The stout man strove to sound amused. “You can’t stand that kind of noise, boy. Any more than we can. Relax. You’re among friends. What makes you so hairy?”

“I played that record for you. Now get me five thousand dollars.”

“So you can play big shot? I’m afraid not.” He said it mildly. “Your position’s a little weak, Lieutenant. You brought us into this game and turned us loose in return for a hundred fifty bucks in a plain white envelope every Wednesday morning. I bought the deal with no fences around anyone. It goes as it lays.”

“Circumstances alter cases, Charlie.”

“Not with me they don’t.”

Conway took two quick steps forward, reversing the gun in his hand as he did so. Charlie Ballou flinched, but not quickly enough. The gun butt sank three quarters of an inch deep in the muscle of his right forearm, and the stout man yelped and fell over on the bed, white-faced. He stared up in panic at the man who bent over him, then half-straightened to keep an eye on the motionless Max.

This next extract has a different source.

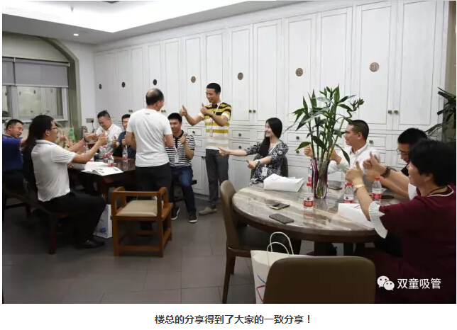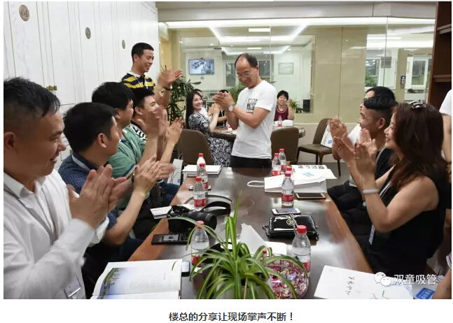 參觀結(jié)束后,大家回到了行政中心,與“雙童”樓仲平進(jìn)行深入交流。首先,“雙童”樓仲平也結(jié)合自身經(jīng)歷和大家分享:“永遠(yuǎn)把自己定位在25歲,不斷學(xué)習(xí)去認(rèn)知新的世界,去擁抱這個(gè)高速變化的世界,從而影響團(tuán)隊(duì)并保持“雙童”不被淘汰。” 所以,樓總每天都利用碎片化時(shí)間進(jìn)行學(xué)習(xí)閱讀,并影響團(tuán)隊(duì)不斷進(jìn)行學(xué)習(xí),提升自己的認(rèn)知!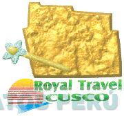 La denominación ROYAL TRAVEL CUSCO escrita en letras características, al lado izquierdo la representación de un sol seccionado y debajo la representación estilizada de un ave; en la parte superior la representación de la piedra de los doce ángulos y superpuesta una vara, todo en los colores dorado, amarillo, rojo, verde esmeralda y turquesa; conforme al modelo adjunto.

Conway’s voice was vibrant. “You seem to be a little slow today, Charlie; I told you this was important to me. Let me tell you just how important, and I’m only going to tell you once. You make your living with that harmlessly foolish middle-aged-child’s face of yours. In sixty seconds I’m going to work you over with this gun butt until you haven’t a face left. I’ll break your jaw in enough places so that it’ll be six weeks before you talk to anyone about it. Unless you get me five thousand dollars, and I mean right now.”

“Bureau... drawer!” Charlie Ballou managed to get out, and watched Conway sidle to the bureau, placing his feet as carefully as a ballet dancer.

He removed a bulging brown envelope from the top drawer, and tossed it on the coffee table in front of Max, disrupting the solitaire game. “Count. Fast.”

The slim fingers rippled through the sheaf of bills, and silently pushed a third of the stack across the table. Charlie Ballou was sitting up on the bed, holding onto his arm, his face pasty as he watched the big man stuff the bulky package in his inside jacket pocket. The stout man ran the tip of his tongue over livid lips; his voice was hoarse. “You play rough, kid.”

“I don’t play.”

Ballou tried to smile. “You sold me. Our deal still go on the game?”

“Why not? I’ll see that young Schofield’s not there to tempt you.”

“Business is business, huh?” The smile this time was more of a success, but Charlie winced when he tried to move his arm.

“There is one other thing,” Conway said thoughtfully. He approached the coffee table. “Don’t let Charlie talk you into anything foolish, Max. Because if he should, and I get one crack at you, you’ll never forget it. Is that perfectly clear?”

He looked down at the sallow lace and the slim, long-fingered hands. “I’ll put both your hands together, and Ill empty every chamber in this gun right through both of them. After that you can try dealing cards the rest of your life with a pair of hooked claws.”

Charlie Ballou had a touch of color back in his face. Now he tried to put a little jauntiness into his tone. “I still don’t see why you’re pawing the ground. A mark is a mark. Right?”